##### SUPPLIED DATA
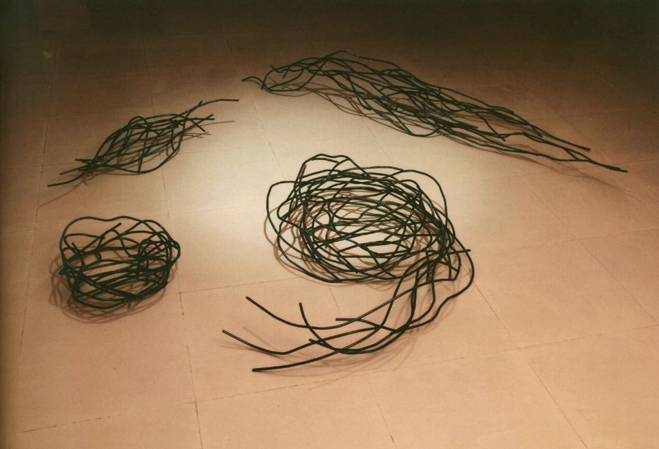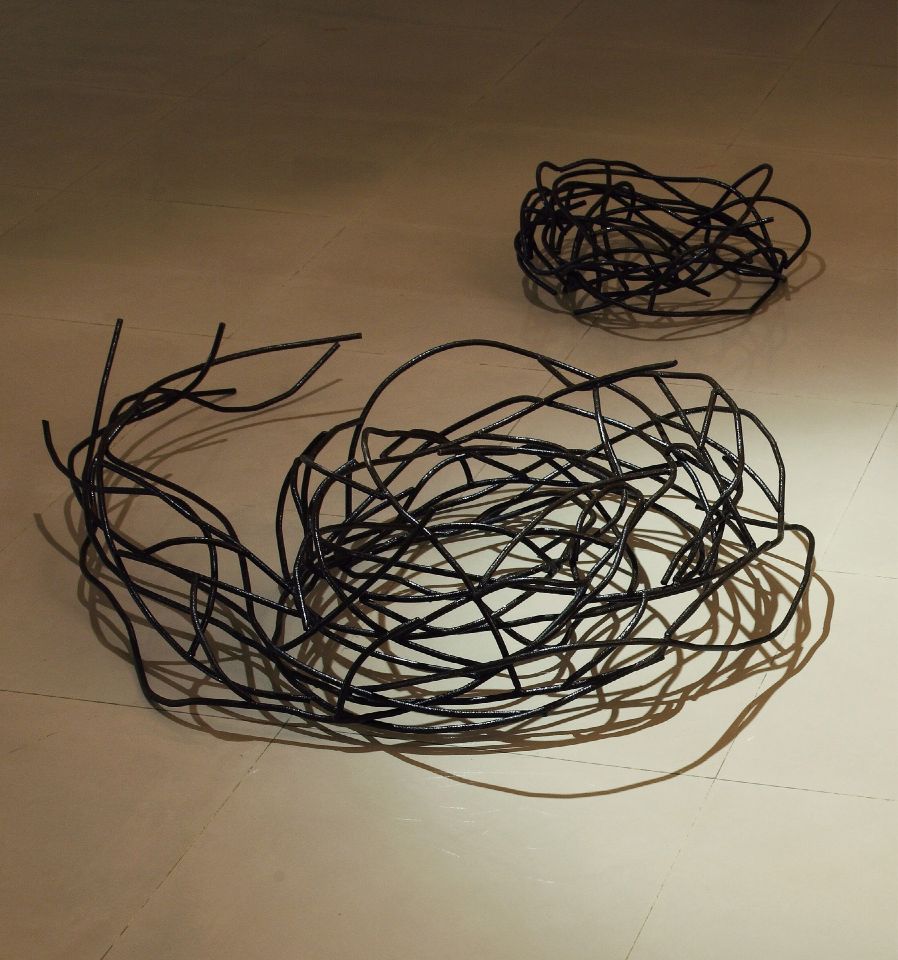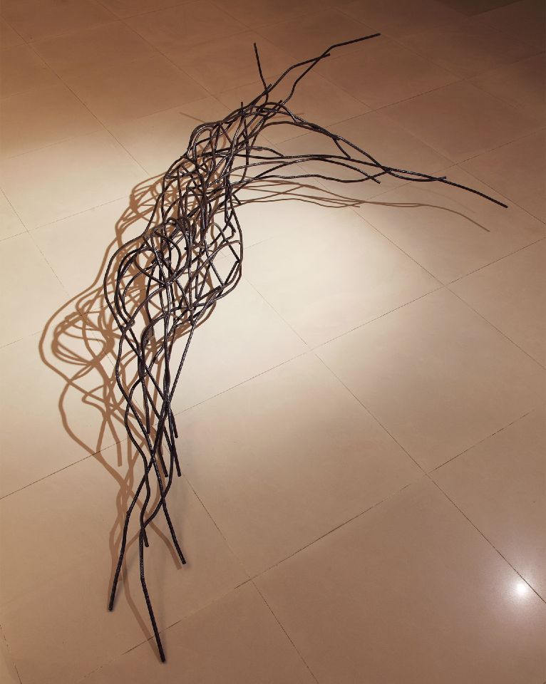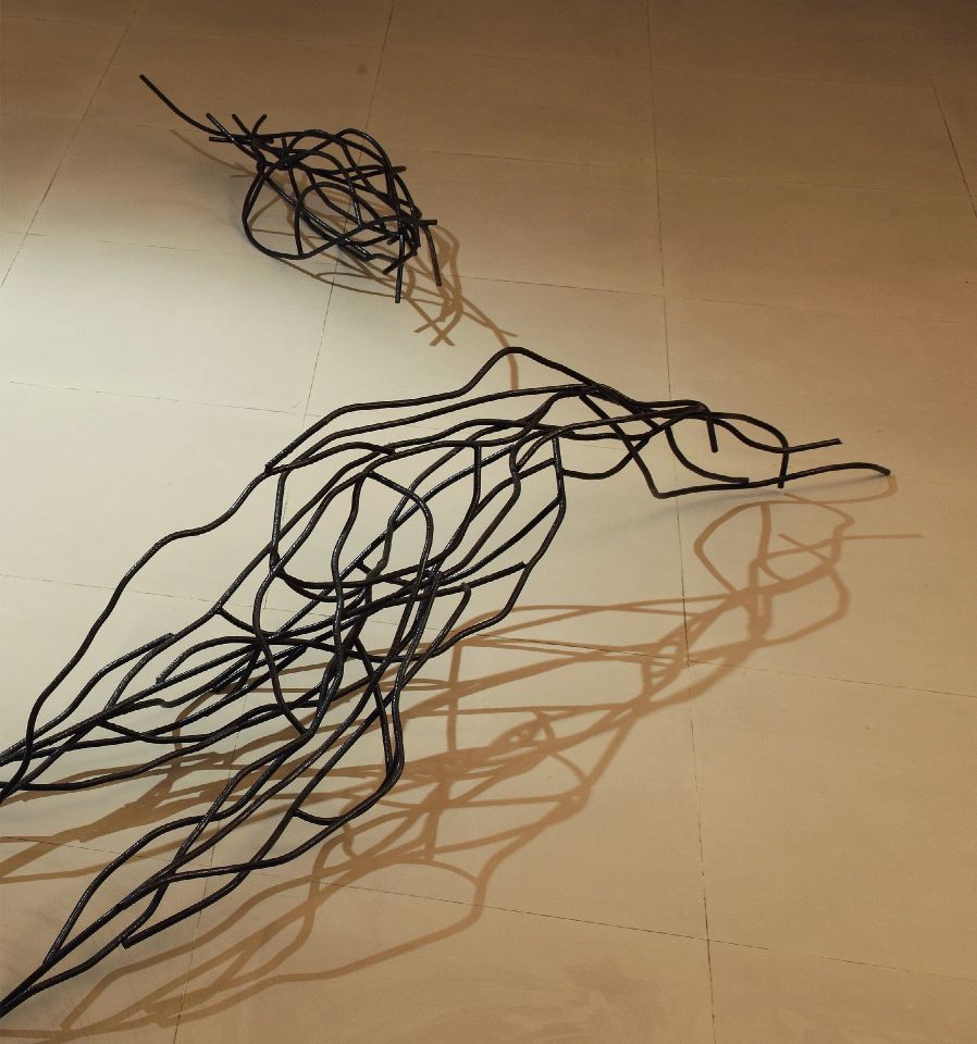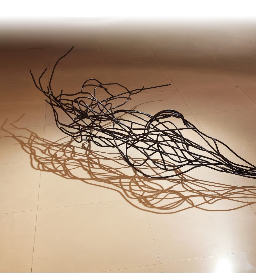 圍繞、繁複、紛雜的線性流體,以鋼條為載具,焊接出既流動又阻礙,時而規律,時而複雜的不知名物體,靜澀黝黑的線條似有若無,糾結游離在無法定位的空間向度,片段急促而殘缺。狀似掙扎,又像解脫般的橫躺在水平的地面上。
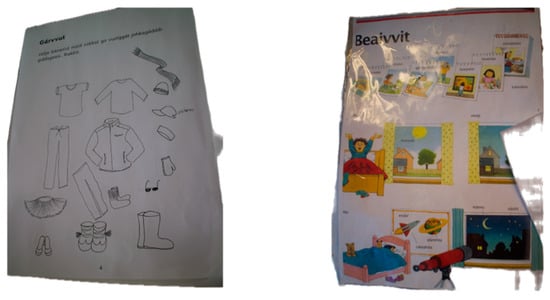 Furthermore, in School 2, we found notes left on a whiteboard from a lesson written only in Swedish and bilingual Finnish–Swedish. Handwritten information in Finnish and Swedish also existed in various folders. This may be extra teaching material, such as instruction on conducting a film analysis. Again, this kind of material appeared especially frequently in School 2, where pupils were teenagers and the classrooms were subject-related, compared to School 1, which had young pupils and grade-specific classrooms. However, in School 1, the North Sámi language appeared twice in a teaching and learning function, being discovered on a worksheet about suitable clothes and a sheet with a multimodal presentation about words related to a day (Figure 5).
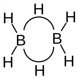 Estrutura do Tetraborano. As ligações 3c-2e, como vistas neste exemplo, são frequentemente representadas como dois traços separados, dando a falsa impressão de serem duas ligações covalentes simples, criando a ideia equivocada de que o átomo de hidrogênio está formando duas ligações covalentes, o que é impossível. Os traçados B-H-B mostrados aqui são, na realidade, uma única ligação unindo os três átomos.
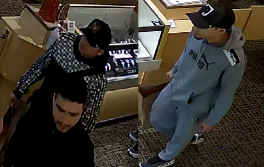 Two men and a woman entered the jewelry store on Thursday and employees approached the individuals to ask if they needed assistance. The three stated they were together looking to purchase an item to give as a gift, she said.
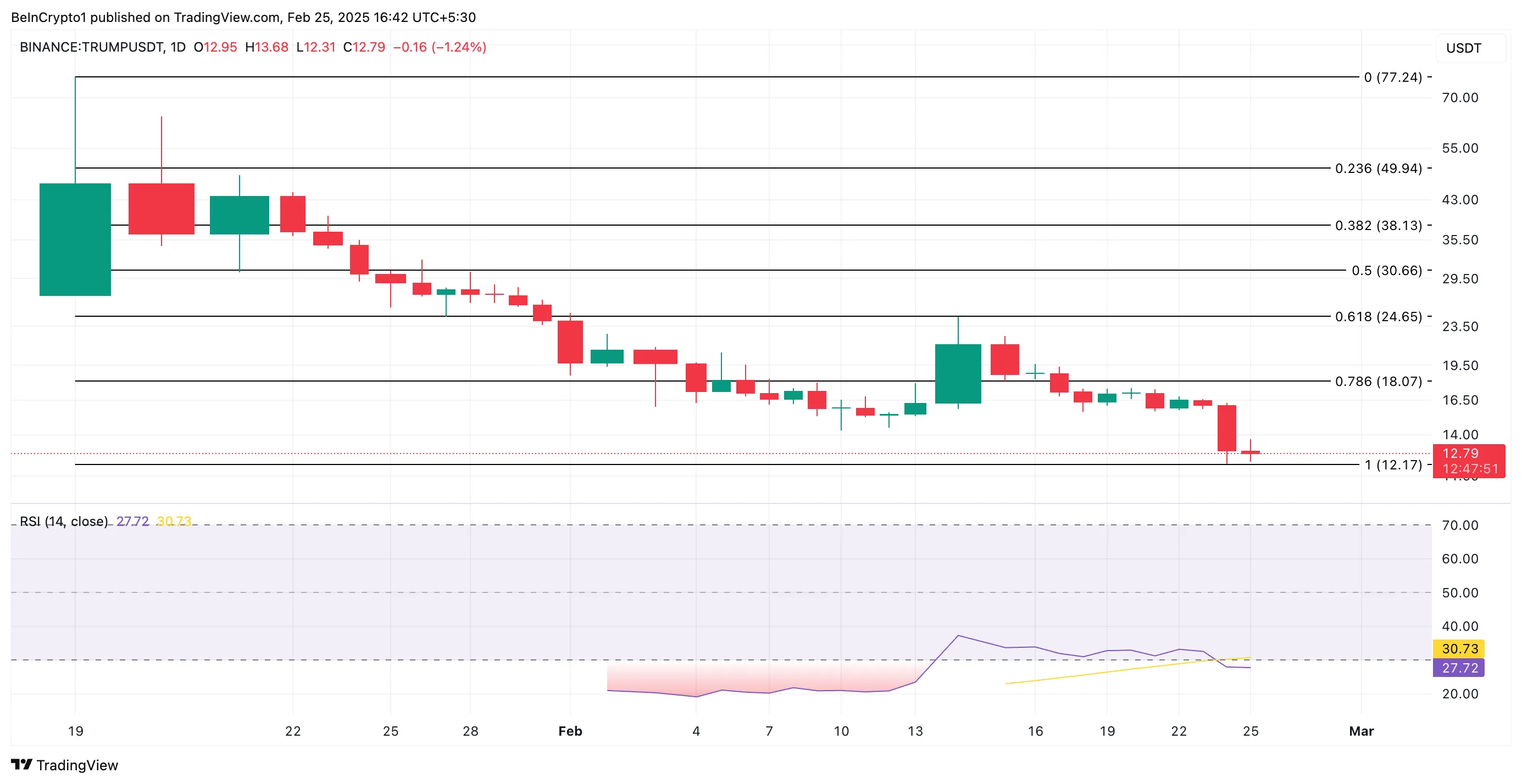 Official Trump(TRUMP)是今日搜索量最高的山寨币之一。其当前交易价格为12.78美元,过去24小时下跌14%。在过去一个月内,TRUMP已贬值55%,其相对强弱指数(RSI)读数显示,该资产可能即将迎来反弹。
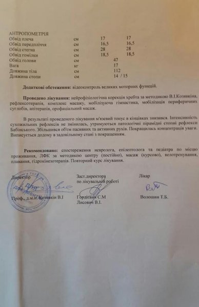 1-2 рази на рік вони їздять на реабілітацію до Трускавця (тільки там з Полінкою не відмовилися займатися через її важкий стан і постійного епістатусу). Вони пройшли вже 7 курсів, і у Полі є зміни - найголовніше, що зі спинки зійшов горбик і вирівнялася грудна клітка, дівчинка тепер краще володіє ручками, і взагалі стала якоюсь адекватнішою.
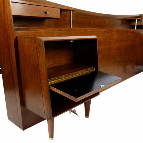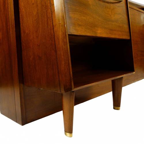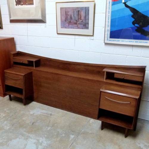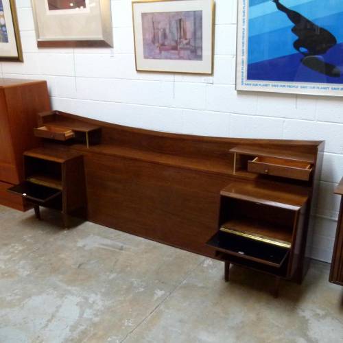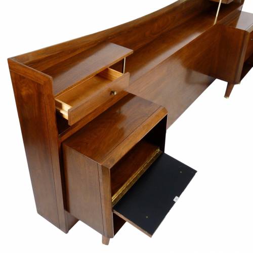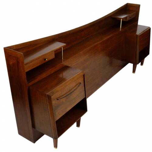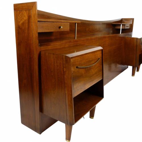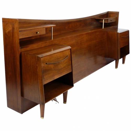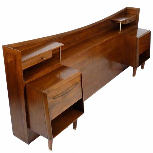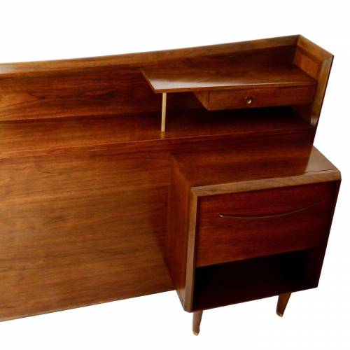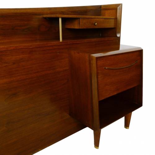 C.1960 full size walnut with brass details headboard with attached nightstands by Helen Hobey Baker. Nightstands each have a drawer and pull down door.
##########
With the pictures stripped out, return each record word for word.

 圍繞、繁複、紛雜的線性流體,以鋼條為載具,焊接出既流動又阻礙,時而規律,時而複雜的不知名物體,靜澀黝黑的線條似有若無,糾結游離在無法定位的空間向度,片段急促而殘缺。狀似掙扎,又像解脫般的橫躺在水平的地面上。
 Furthermore, in School 2, we found notes left on a whiteboard from a lesson written only in Swedish and bilingual Finnish–Swedish. Handwritten information in Finnish and Swedish also existed in various folders. This may be extra teaching material, such as instruction on conducting a film analysis. Again, this kind of material appeared especially frequently in School 2, where pupils were teenagers and the classrooms were subject-related, compared to School 1, which had young pupils and grade-specific classrooms. However, in School 1, the North Sámi language appeared twice in a teaching and learning function, being discovered on a worksheet about suitable clothes and a sheet with a multimodal presentation about words related to a day (Figure 5).
 Estrutura do Tetraborano. As ligações 3c-2e, como vistas neste exemplo, são frequentemente representadas como dois traços separados, dando a falsa impressão de serem duas ligações covalentes simples, criando a ideia equivocada de que o átomo de hidrogênio está formando duas ligações covalentes, o que é impossível. Os traçados B-H-B mostrados aqui são, na realidade, uma única ligação unindo os três átomos.
 Two men and a woman entered the jewelry store on Thursday and employees approached the individuals to ask if they needed assistance. The three stated they were together looking to purchase an item to give as a gift, she said.
 Official Trump(TRUMP)是今日搜索量最高的山寨币之一。其当前交易价格为12.78美元,过去24小时下跌14%。在过去一个月内,TRUMP已贬值55%,其相对强弱指数(RSI)读数显示,该资产可能即将迎来反弹。
 1-2 рази на рік вони їздять на реабілітацію до Трускавця (тільки там з Полінкою не відмовилися займатися через її важкий стан і постійного епістатусу). Вони пройшли вже 7 курсів, і у Полі є зміни - найголовніше, що зі спинки зійшов горбик і вирівнялася грудна клітка, дівчинка тепер краще володіє ручками, і взагалі стала якоюсь адекватнішою.
 C.1960 full size walnut with brass details headboard with attached nightstands by Helen Hobey Baker. Nightstands each have a drawer and pull down door.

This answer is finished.